SIMBAD gives errors as ellipses, so let’s use an EllipseError shape:
[4]:
aladin.add_table(
table,
shape=EllipseError(
maj_axis="coo_err_maj",
min_axis="coo_err_min",
angle="coo_err_angle",
default_shape="cross",
),
color="lightskyblue",
# source_size will only affect the sources which fallback to the default shape,
# or the ones too small to be drawn
source_size=20,
name="SIMBAD query",
)
If you zoom in the view, you’ll remark that the sources which had error information appear as ellipses. If if there is no information in the error columns, then the sources appear with the fallback shape default_shape. default_shape should be one of the strings allowed in shape.
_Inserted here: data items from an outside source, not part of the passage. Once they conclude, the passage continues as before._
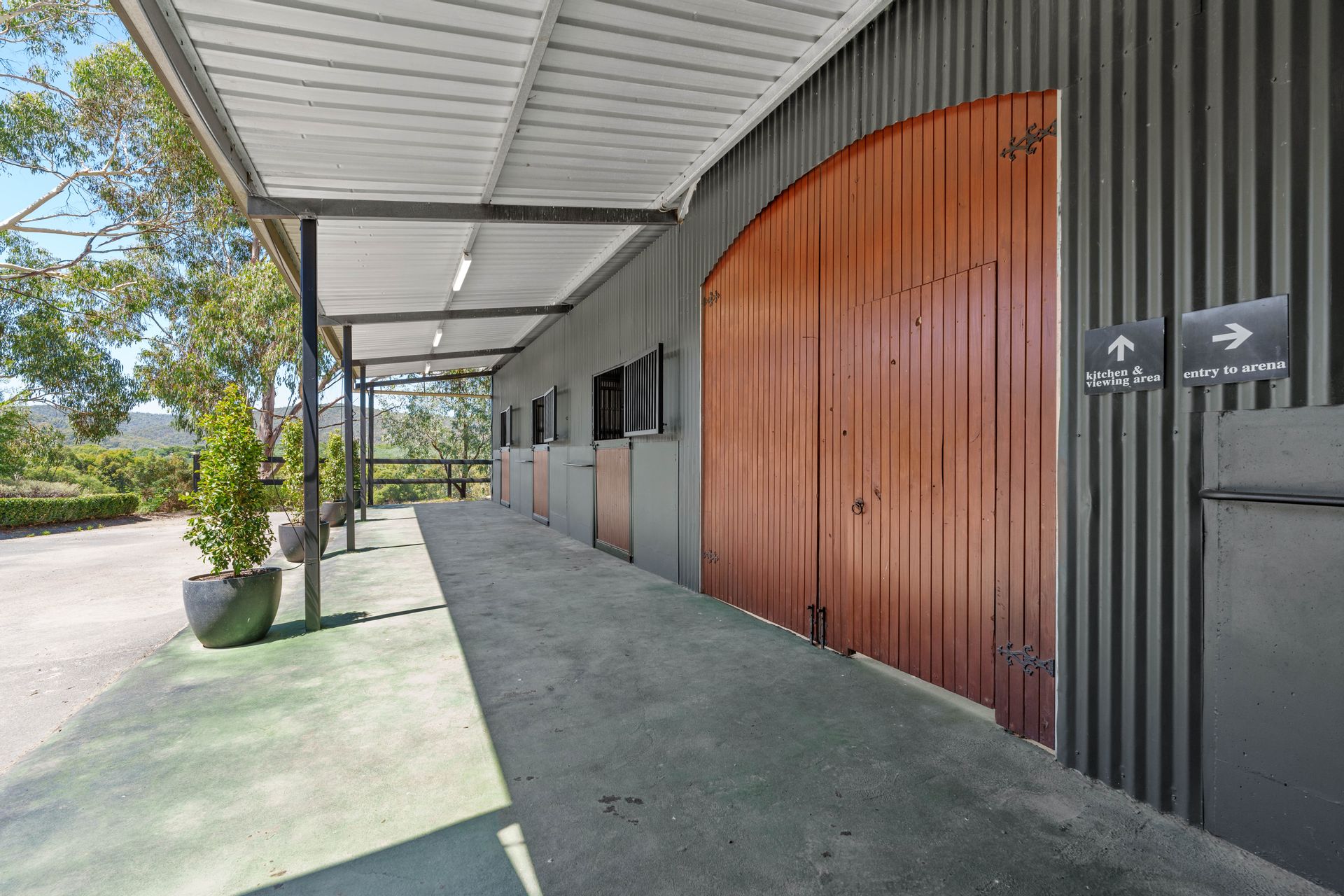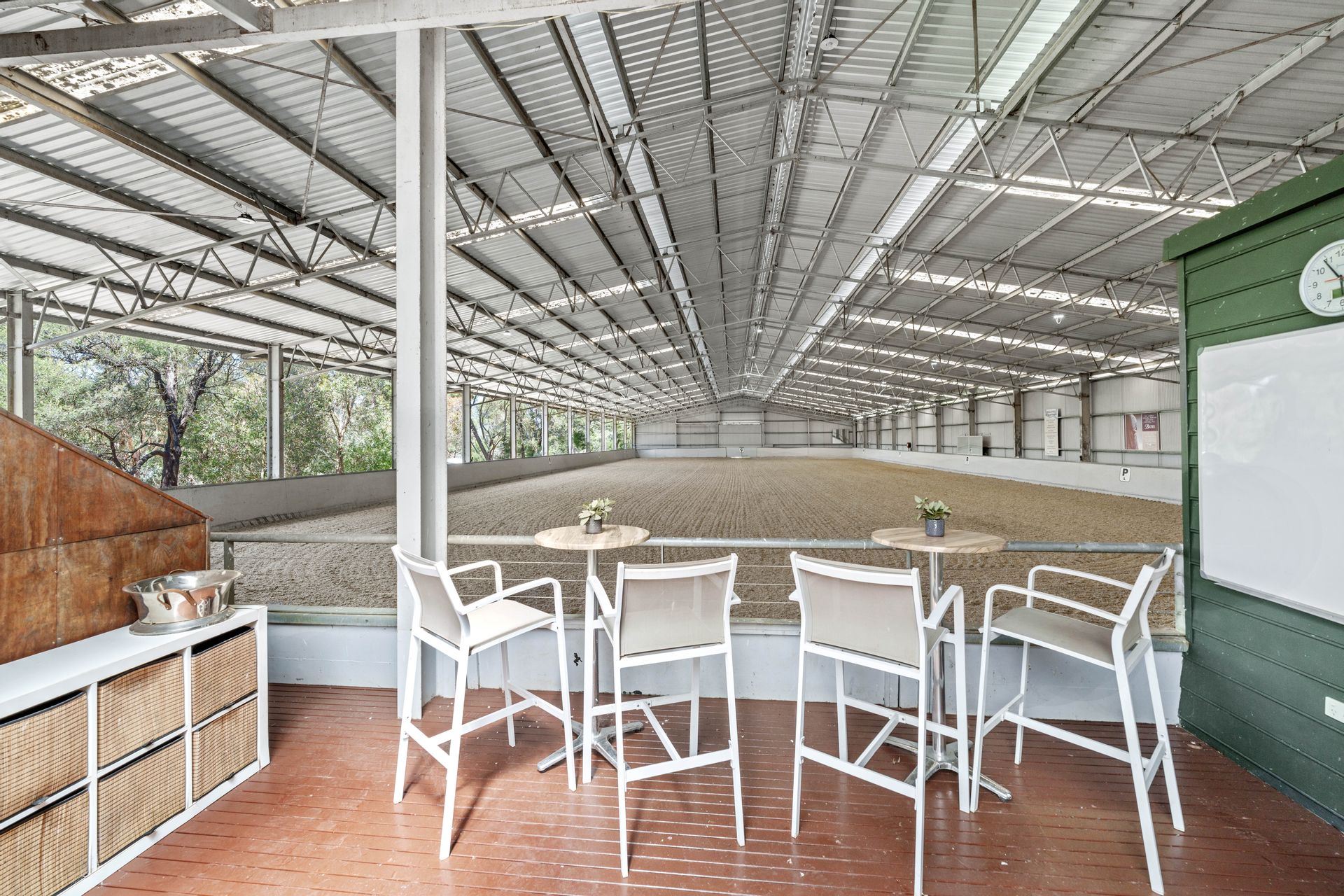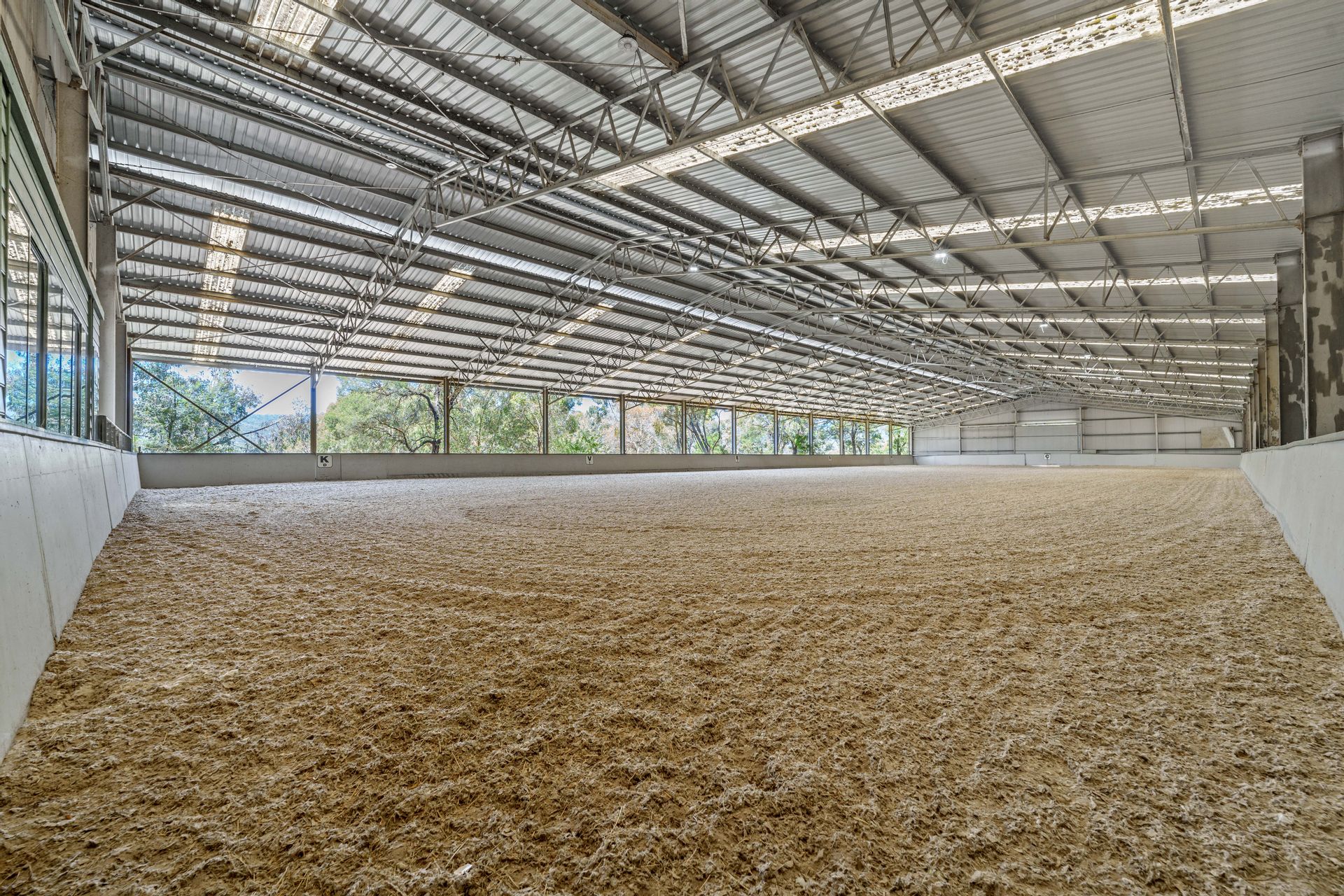 Indoor Stables - Feed Room + Laundry + Tack Room + 4 x Wash Bay + Tie ups 7 x undercover boxes (rubber flooring) Indoor Arena - 70 x 30m + Grandstand + Clubhouse + studio + storage Outdoor Arena - 20 x 60m Outdoor Show Jumping Arena - 65 x 65m Warm up Arena - 45 x 35m Covered day yards - 23 boxes + wash bay + truck bay Huge Carpark/ Float turning bay Round yard - 15m Machinery shed - 11 bay + 2 storage rooms 30 Paddocks - individual shelters on each 2 Dams + Lagoon + 1 bore Solar Power
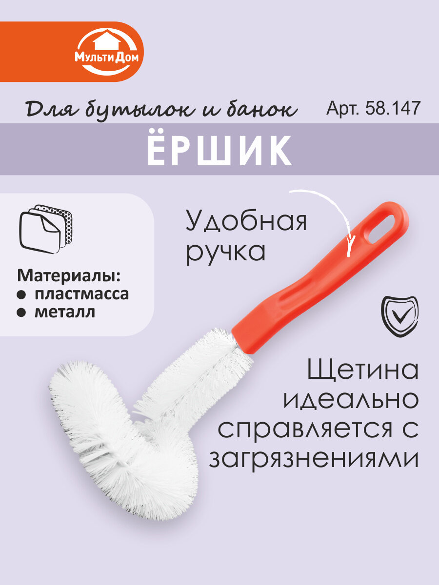 Отзывы на Щетка Мультидом, для банок и бутылок, длина 44 см, петля для подвешивания
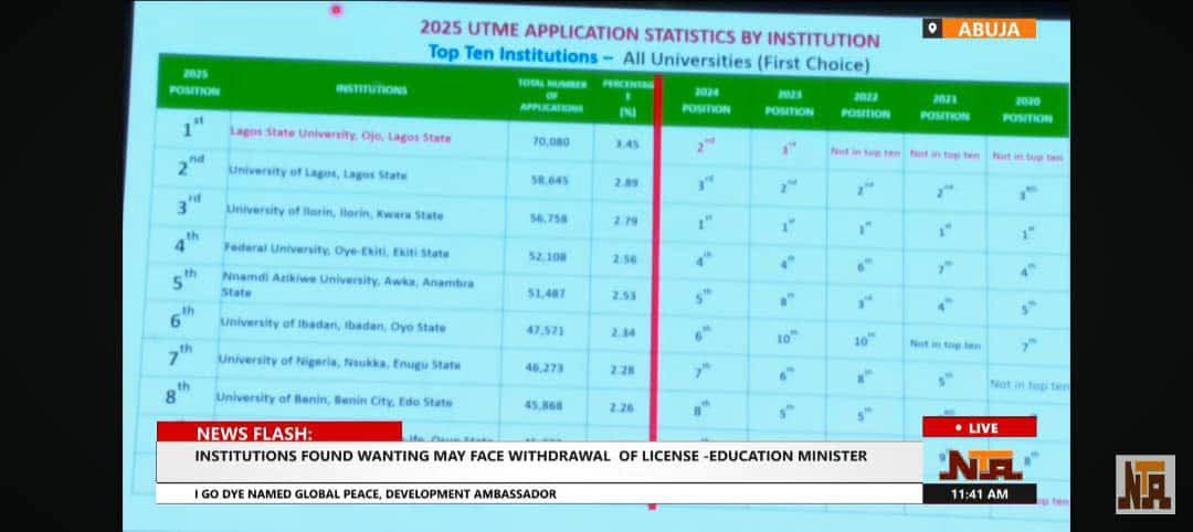 Lagos State University has attained a remarkable milestone, emerging as the most subscribed university in Nigeria for the 2025 admission year, according to the latest Unified Tertiary Matriculation Examination (UTME) Application Statistics by Institution, released by the Joint Admissions and Matriculation Board (JAMB).

If the ellipse would be too small to be drawn in the widget, then it appears as a square, see the source 2MASS J05343561+2200372 located in 83.64842925852 +22.01034559457. If you zoom in close to this square, you’ll see the square turning into an ellipse when it is big enough to be drawn.
Displaying a QTable#
Let’s create a table from scratch and add it to the view. We will draw CircleError shapes this time.
[5]:
t = QTable(
{
"error": [0.005, 0.002, 0.003] * u.deg,
"coo1": [83.63451584700, 83.61368056017, 83.58780251600] * u.deg,
"coo2": [22.05652591227, 21.97517807639, 21.99277764451] * u.deg,
"name": ["Source 1", "Source 2", "Source 3"],
"parallax": [1.7703, 0.5112, 0.3735] * u.mas,
},
meta={"name": "my_sample_table"},
)
aladin.add_table(
t,
name=t.meta["name"],
shape=CircleError(
radius="error",
probability_threshold=0.989, # roughly 3 sigma
),
color="pink",
ra_field="coo1",
dec_field="coo2",
)
Note that we used unconventional column names for the coordinates fields here. In this case, we can specify the column names where Aladin Lite should read the coordinates via ra_field and dec_field.
We used a very high probability threshold. This corresponds to roughly 3 sigma in the drawn circle.